# What made you want to become a chef?



## chef david simpson (Sep 25, 2000)

Did you think it was going to be an easy trade to learn? Did you like the way your
chef jacket looked on you? What about your
first job, did you like it or did you want 
sell your knifes and burn your toque?
What made you, no, what possessed you to 
become a chef?
A little hard to swallow? I bet.
Would you care to here my story?

[This message has been edited by Chef David Simpson (edited October 04, 2000).]

[This message has been edited by Chef David Simpson (edited October 06, 2000).]


----------



## unichef (Aug 14, 2000)

I know I posted this on one of the other groups once before, but since your asking again....

I grew up in a family of actors. We lived in NYC and I worked most of my childhood on TV and movies.

On my way home from work I would stop by a pizza joint where a friend worked. Joe of Italy on Broadway and 90th. I would help out grating cheese, portioning dough, etc.. After my friend quit, I would still stop in and work for free. One day the owner pulls me aside and offers me a job- I think it was $1.60 an hour. He couldn't figure out why I turned down the job and would still come back and work for free. He had no idea what I did. At the time I was making $250 a day on the soaps- not bad scratch in 1973 for a 14 year old.

Eventually I quit the business and we moved to Vermont. That stint in the pizza joint sparked a passion for the food business that I haven't been able to shake.

------------------
Mike Bersell, CEC www.unichef.com


----------



## pete (Oct 7, 2001)

I never had a choice in the matter. My parents owned a restaurant when I was young and I caught the bug then. I tried my hardest to avoid the calling, but I finally had to give in. LOL


----------



## nick.shu (Jul 18, 2000)

i guess it goes back to when i was a kid - my father knew a lot of chinese chefs and i was forever tagging along behind him inside chinese kitchens and watching the woks flaring off oil and stuff - fascinating.

Eventually after a few years i ended up helping out a local restaurant as pot washer and watching the chefs, i thought "i can do that!", (not to mention that a ex girlfriend told me i would never make it as a chef).

So i did an apprenticeship and trade course, have almost finished a post trade course and iam looking at doing 2 more management diplomas at the time being.


----------



## chef david simpson (Sep 25, 2000)

Thanks! to you who replied. You know, I love everything about cooking. All the ups and down and never given in to bull#$%% . I've aways thought that this was going to be my life. ever since I was a kid. 
I used to watch J. Childs on PBS every day and mimic the way she talked. I remember the first dish I ever made, it was mack and cheese. I added some chedder to it and to this day it's still my favorite. 
They say that every soul has it's place on earth and mine belongs in the kitchen. I don't think that I'm the best chef in the world but that doesn't mean that I can't strive to be. If you like what you're doing then that makes life more worth living. Doesn't it?

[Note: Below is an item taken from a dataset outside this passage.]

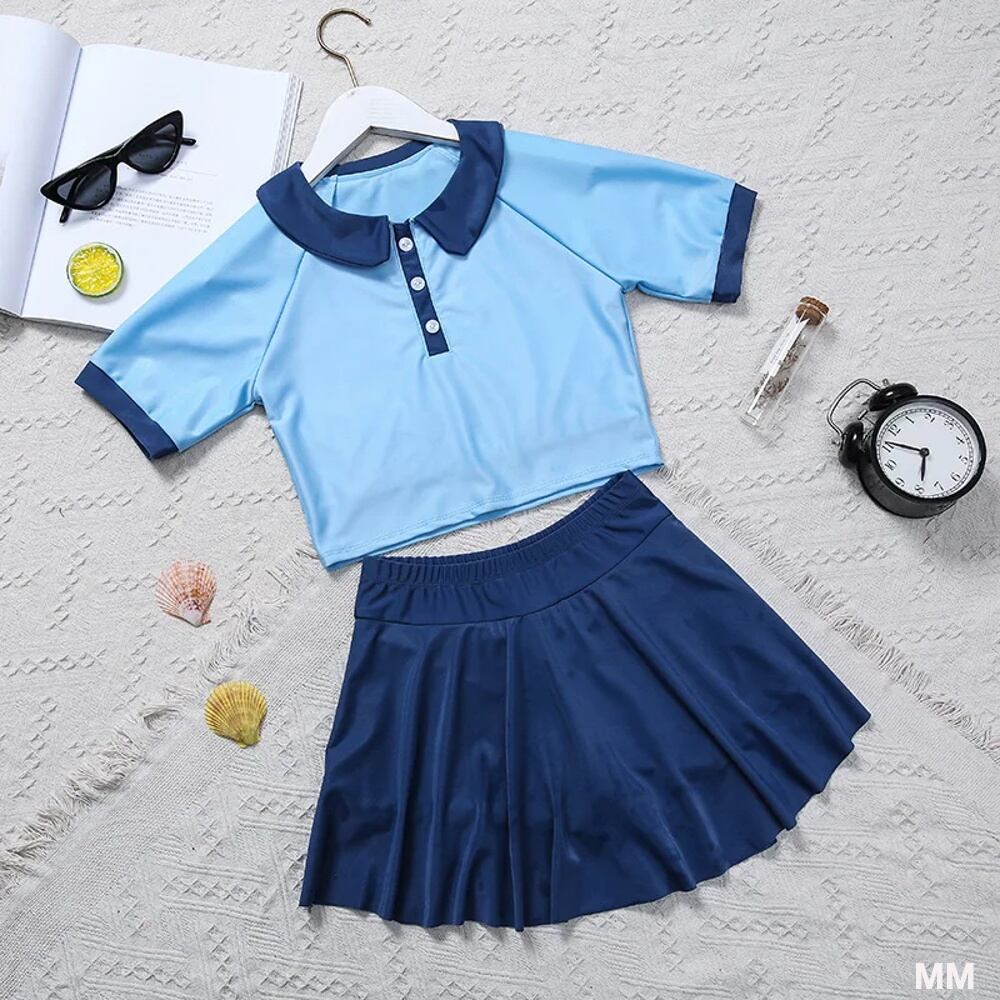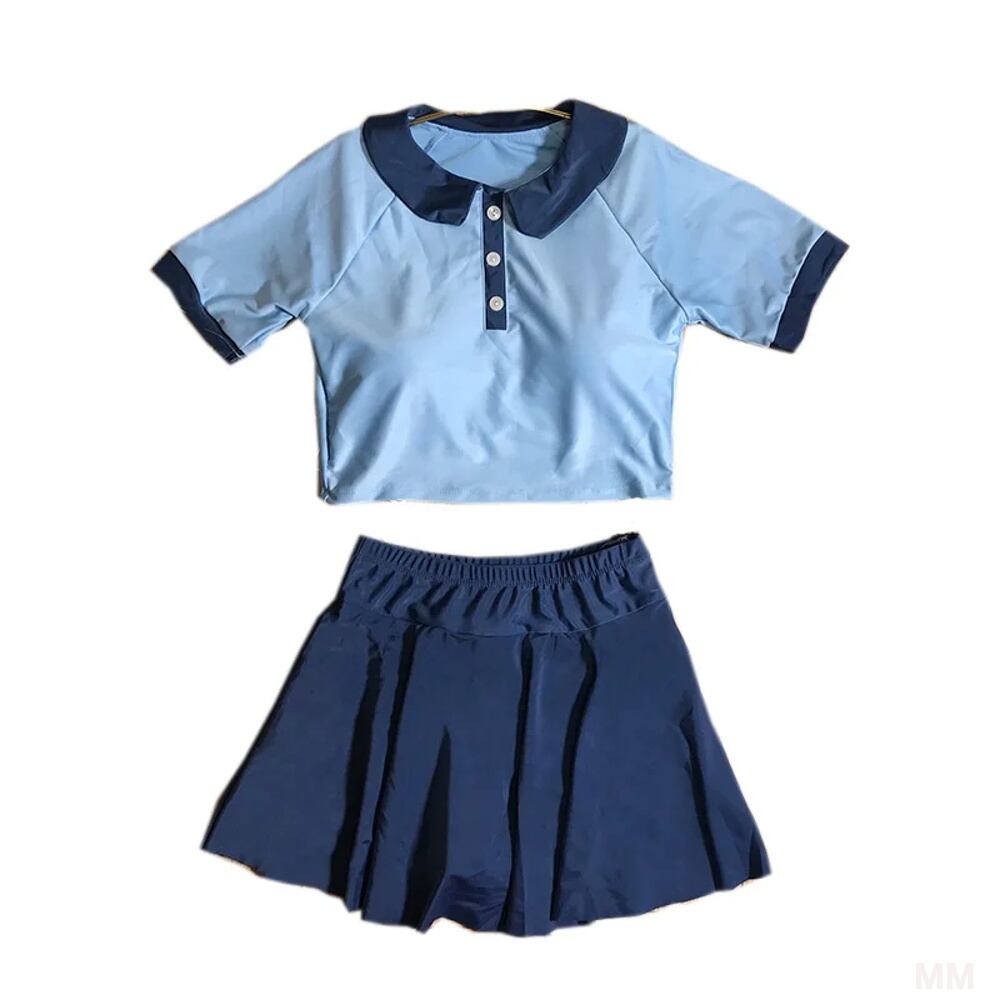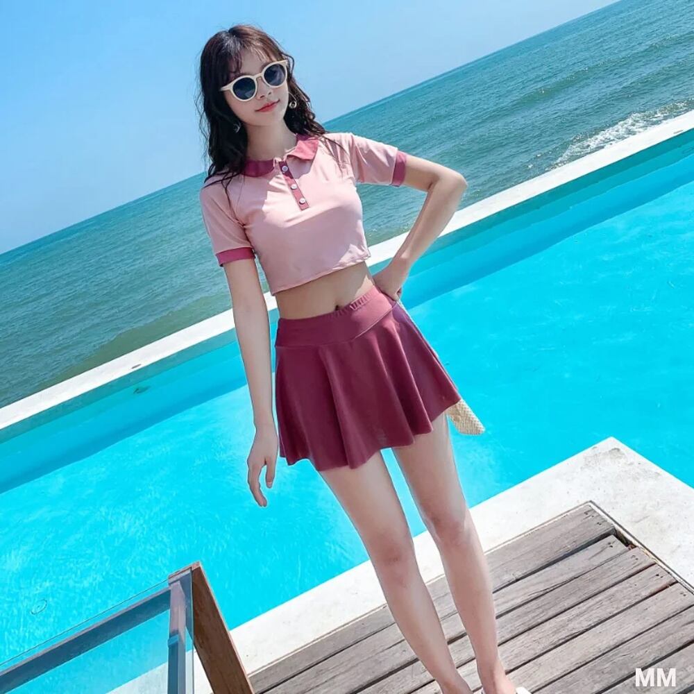 女性用単色ビキニ,韓国の水着,ハイカラー,半袖,クロップトップ,スカートスーツ,ビーチウェア,水着,女の子,新しいコレクション2022 韓国系水着 セパレート水着 ワンピース水着 T240626143858_01

[This message has been edited by Chef David Simpson (edited October 06, 2000).]


----------



## nick.shu (Jul 18, 2000)

You know, you should never be ashamed of your start. One of sydneys most favorite chefs started as a virtually illiterate kitchenhand. His restaurant is one of the most in demand restaurants and you can only book ahead 4-5 months.

Not bad huh?

[This message has been edited by Nick.Shu (edited October 07, 2000).]


----------



## shroomgirl (Aug 11, 2000)

Playing with food and getting paid


----------



## nick.shu (Jul 18, 2000)

i can understand CWK - i think my problem with office work is that i cant sit still.


----------



## momoreg (Mar 4, 2000)

Hey, Kitcnmomma, welcome to cheftalk! I went to J&W too '84-'86. When were you there?

Sounds like a great first job. I could never tolerate office work either. Way too boring.


----------



## cape chef (Jul 31, 2000)

When I was young (younger)My Grandfather owned a couple of bakeries. Me and my two brothers would go to see Pop on Sunday mornings with our folks after Sunday school. I remember it smelled so good in the bakery and everyone seemed happy. My biggest thrill as a 4 year old was filling the jelly doughnuts, That's when I learned to use a pastry bag, and yes some made it to the shelves to be sold but most where consumed by me and my brothers. My grandfather was known for his breads...Jewish style,dense,chewy and just the right crispness to the crust. I think that's where I got the bug to cook. People who left my grandfathers bakery left happy and that made me happy. Ok fast forward 13 or 14 years, I had my fair share of trouble, not focused being a clown doing those naughty things I wasn't supposed to do. Really had lost my direction in life. Thank my lucky stars my family never gave up on me. I got the help I needed and finally finished school. One day at dinner my parents asked me point blank..but gently, So what are you going to do with your life? ( sound familiar to anyone)I said I love to cook...I want to go to cooking school I said. Well off we went to the CIA and boy did I fall in love with all the hoopla,nice campus,white hats,cool uniforms..I got excepted..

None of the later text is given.